La habitación estaba cerrada por dentro, el pomo no giraba. Miriam golpeó la puerta, llamó con un grito. Escuchó movimiento al otro lado, susurros, no le gustó. Con un suave tirón, extrajo el martillo. El primer golpe desencajó la puerta, el segundo la derribó, la convirtió en astillas.

La centinela entró en la habitación. Una triste lámpara de mesa despedía una luz escasa, que dejaba la estancia en las tinieblas. Captó un fugaz movimiento por el rabillo del ojo, a su derecha. Era el Gris, silencioso y discreto, apenas perceptible al amparo de las sombras. Y peligroso. Miriam empuñó con fuerza el martillo, se dispuso a atacar.

Entonces le llegó un silbido por el lado opuesto, por la izquierda. Volvió la cabeza y lo vio. No era demasiado tarde.

-Por fin te encuentro -dijo la voz de Plata a su espalda-. Venía a ofrecerte mi protección para ir al cónclave. No dudo...

Miriam no podía hacerle caso. Un puñal volaba directamente hacia ella, rasgando el aire que la separaba de Álex, quien lo acababa de arrojar. Debía girar el cuerpo e interponer el martillo en la trayectoria o estaría muerta. Era rápida, podía conseguirlo.

-... y te alegrarás de que te escolte por si te ataca un dragón -seguía Plata-. Su fuego es... ¡Maldición!

Tropezó. Miriam alcanzó a ver cómo caía sobre ella, interrumpiendo el movimiento de su arma. Los dos metros de estatura de Plata la cubrieron por completo y ambos cayeron al suelo. La centinela perdió el martillo, que rodó por el suelo.

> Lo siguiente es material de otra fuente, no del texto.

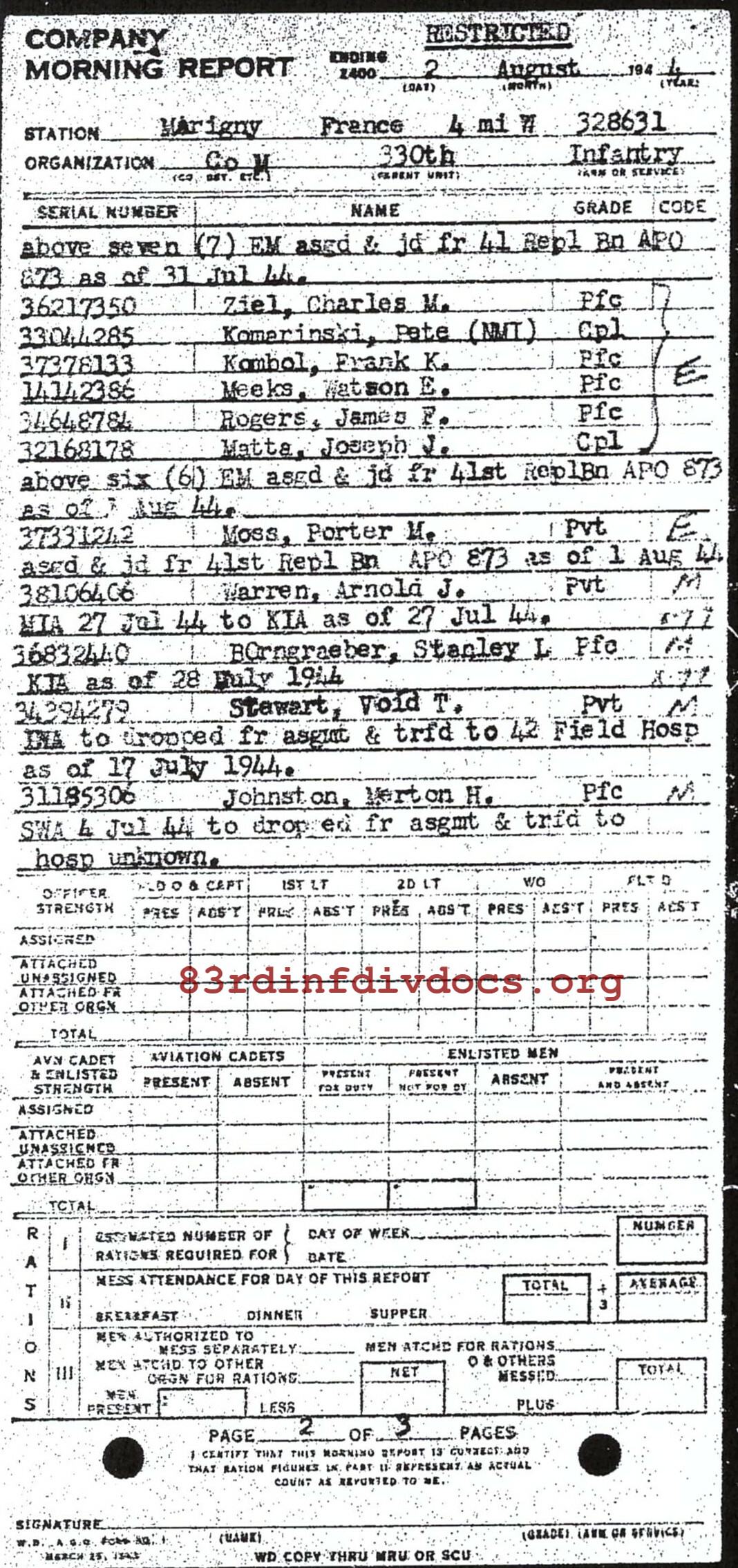| 1944-07-11 | PFC | Assigned and joined from 48th Replacement Battalion as of July 7, 1944 | M / 330 | view page | |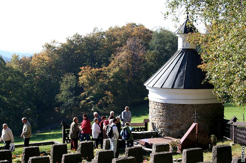 Hostýn - Poutníci u areálu hostýnského hřbitova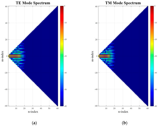 Mode spectra of simulated SGH at 1 m offset: (a) TE modes; (b) TM modes using the translation used in spherical near-field antenna measurements.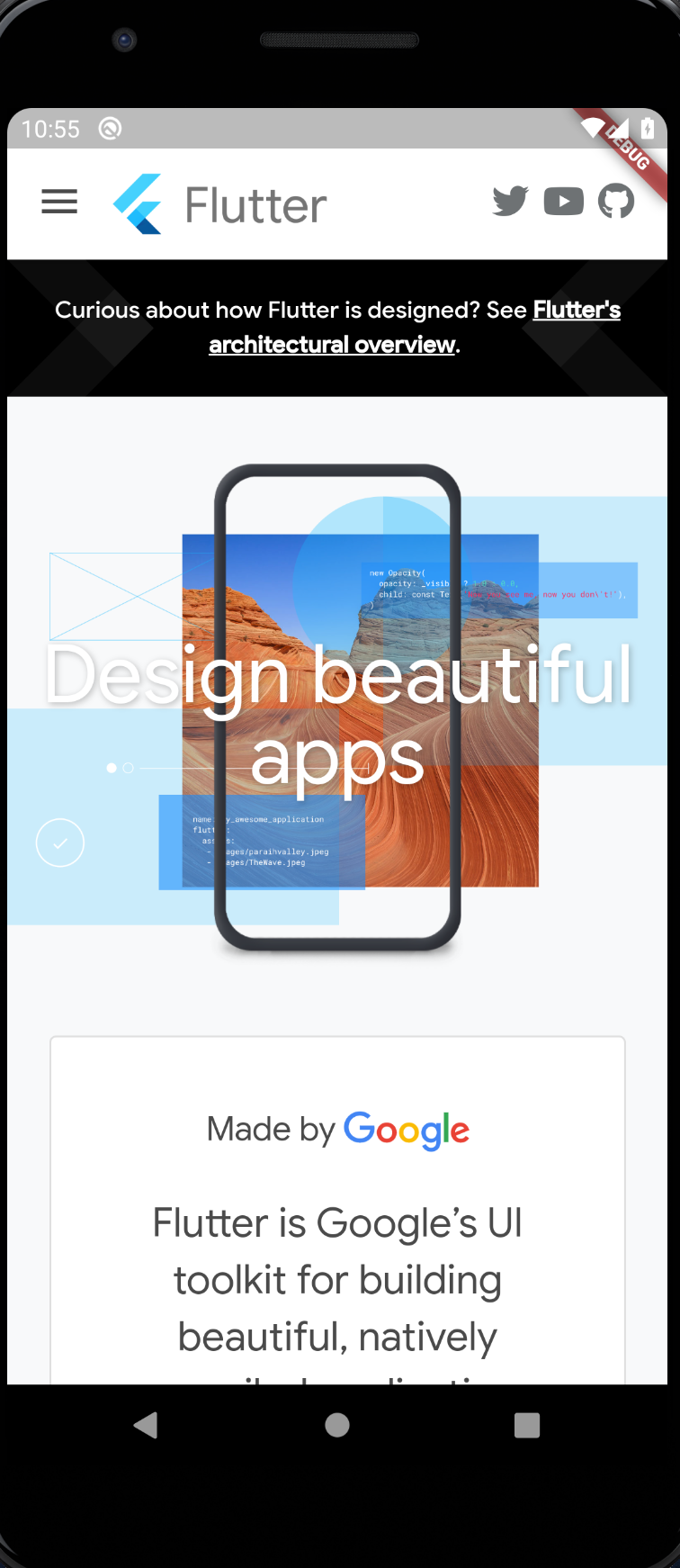 import 'package:flutter/material.dart'; import 'package:webview_flutter/webview_flutter.dart'; void main() => runApp(MyApp()); class MyApp extends StatelessWidget { @override Widget build(BuildContext context) { return MaterialApp( title: 'Webview Demo', theme: ThemeData( primarySwatch: Colors.blue, ), home: MyHomePage(), ); } } class MyHomePage extends StatefulWidget { MyHomePage({Key key}) : super(key: key); @override _MyHomePageState createState() => _MyHomePageState(); } class _MyHomePageState extends State<MyHomePage> { @override Widget build(BuildContext context) { return Scaffold( body: SafeArea( child: WebView( initialUrl: 'https://flutter.dev', javascriptMode: JavascriptMode.unrestricted, ) ), ); } }예전에 실습할 때에는 인터넷 접근권한이 필요했었던걸로 기억하는데 이번엔 묻지 않았다.

Se sacudió de encima el cuerpo y se puso en pie tan rápido como pudo. Plata no se movía. El mango de un puñal sobresalía de su espalda. La hoja era de unos cuatro centímetros y estaba profundamente clavada a dos dedos de la columna vertebral.

Sonaron pasos a la derecha. Miriam no podía ocuparse de Plata, aún estaba en peligro. Tenía que encontrar su martillo.

Y lo hizo.

Su formidable arma estaba bajo la bota del Gris. Eso la dejaba indefensa.